'''

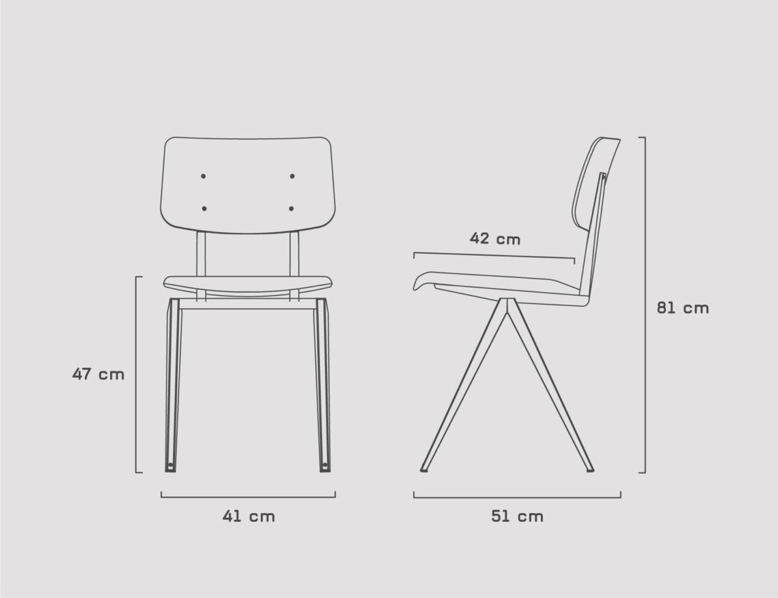 ✔︎ Iconisch design — originele S16 uit de jaren '60, gemaakt met de originele mallen ✔︎ Frame — gevouwen gepoedercoat plaatstaal in beigerood ✔︎ Rugsteun — pantserhout (kunsthars plywood) in bruin ✔︎ Zitting — gestoffeerd in Piquet Brown 15, extra zitcomfort ✔︎ Afmetingen — H 81 x B 41 x D 51 cm, zithoogte 47 cm, zitdiepte 42 cm ✔︎ Levering — volledig gemonteerd ✔︎ Garantie — 2 jaar
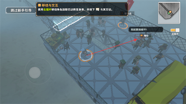 1、跟随新手引导,使用左摇杆移动角色到达斯巴达教官处,按下交互键与其交谈。
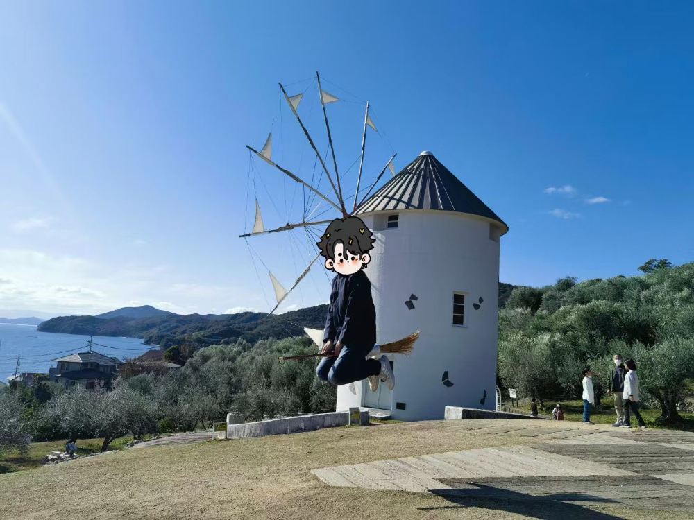 #橄榄公园打卡魔女宅急便风车,同款骑扫把照片
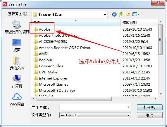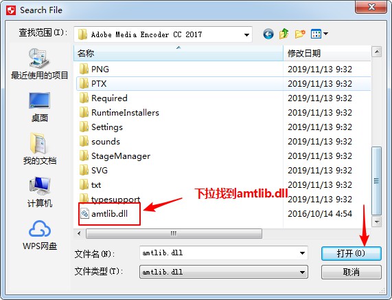 5. 选择我的电脑-C盘-Program Files-Adobe-Adobe Media Encoder CC 2017-Support Files-找到amtlib.dll并选择打开这个文件
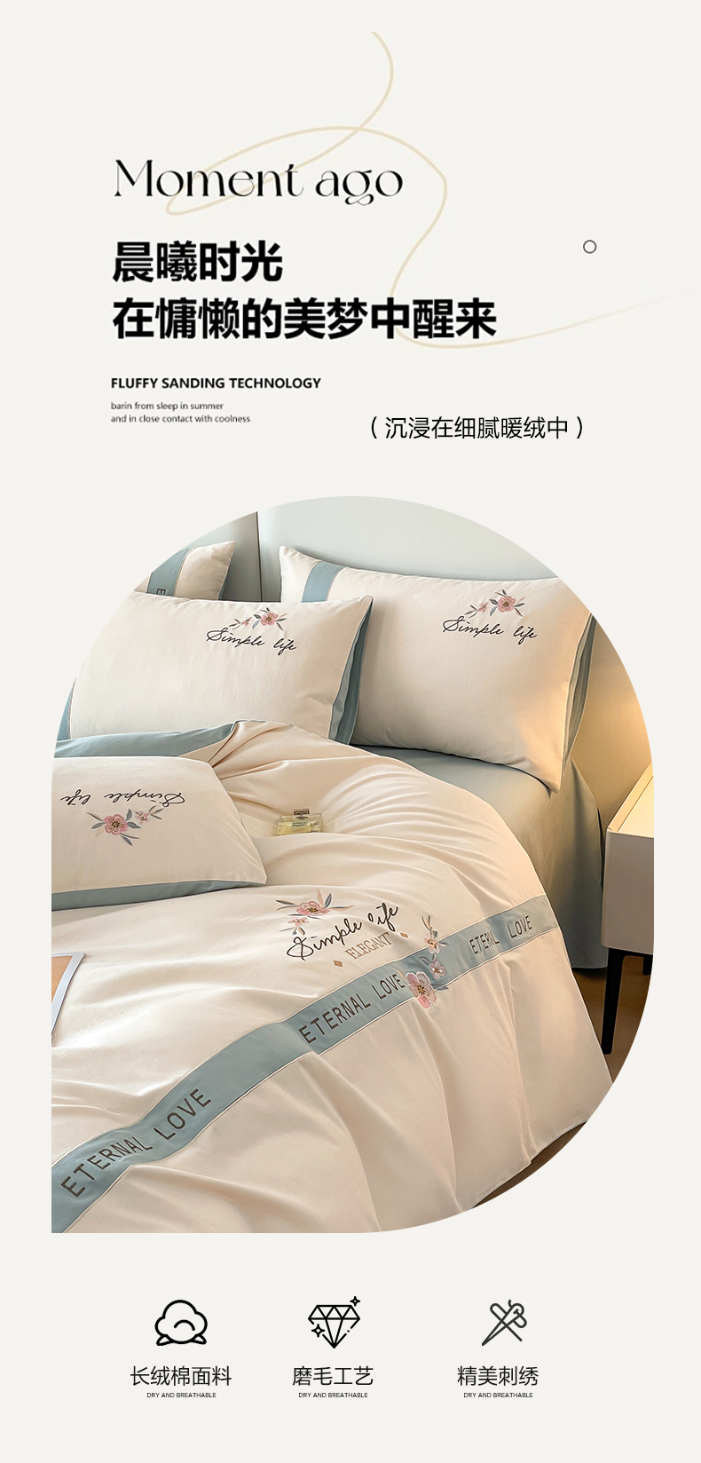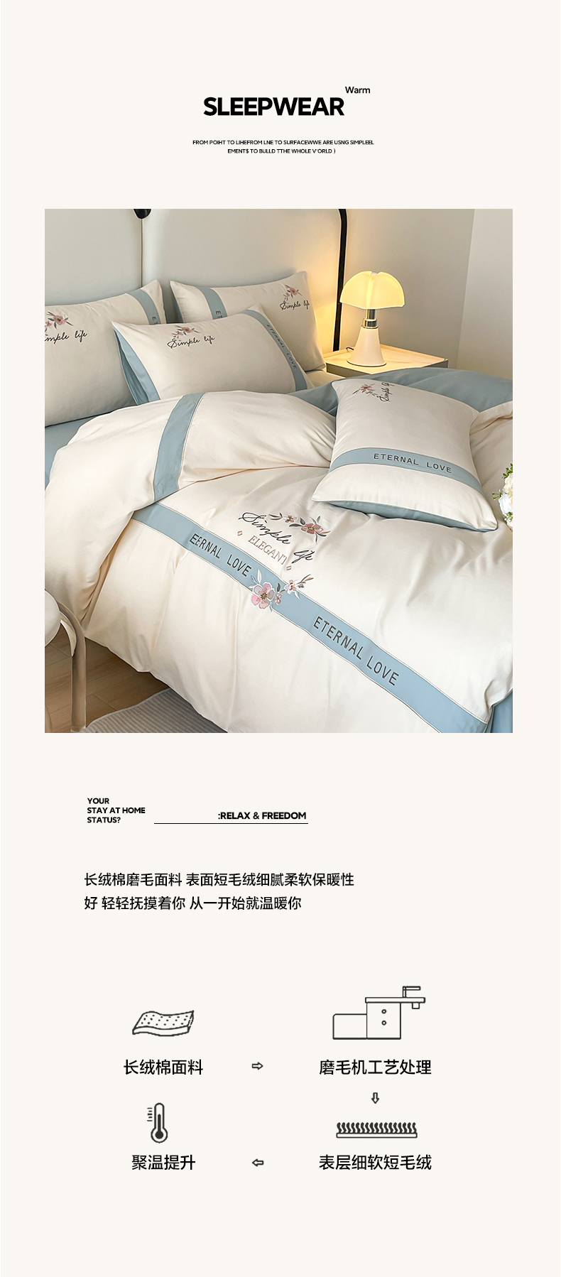 当前位置: 91家纺网 > 商品网购 > 床品套件 > 四件套 > 长绒棉四件套 > (总)欣宜家纺 2025年秋冬新款纯棉全棉长绒棉磨毛不掉毛刺绣款绣花四件套-送高档礼盒

'''

Requirement
Nothing but the lines from the one containing "1、跟随新手引导,使用左摇杆移动角色到达斯巴达教官处,按下交互键与其交谈。" through the final line of the records, both included and copied exactly, should appear in the answer; pictures stay out.

Written answer
 1、跟随新手引导,使用左摇杆移动角色到达斯巴达教官处,按下交互键与其交谈。
 #橄榄公园打卡魔女宅急便风车,同款骑扫把照片
 5. 选择我的电脑-C盘-Program Files-Adobe-Adobe Media Encoder CC 2017-Support Files-找到amtlib.dll并选择打开这个文件
 当前位置: 91家纺网 > 商品网购 > 床品套件 > 四件套 > 长绒棉四件套 > (总)欣宜家纺 2025年秋冬新款纯棉全棉长绒棉磨毛不掉毛刺绣款绣花四件套-送高档礼盒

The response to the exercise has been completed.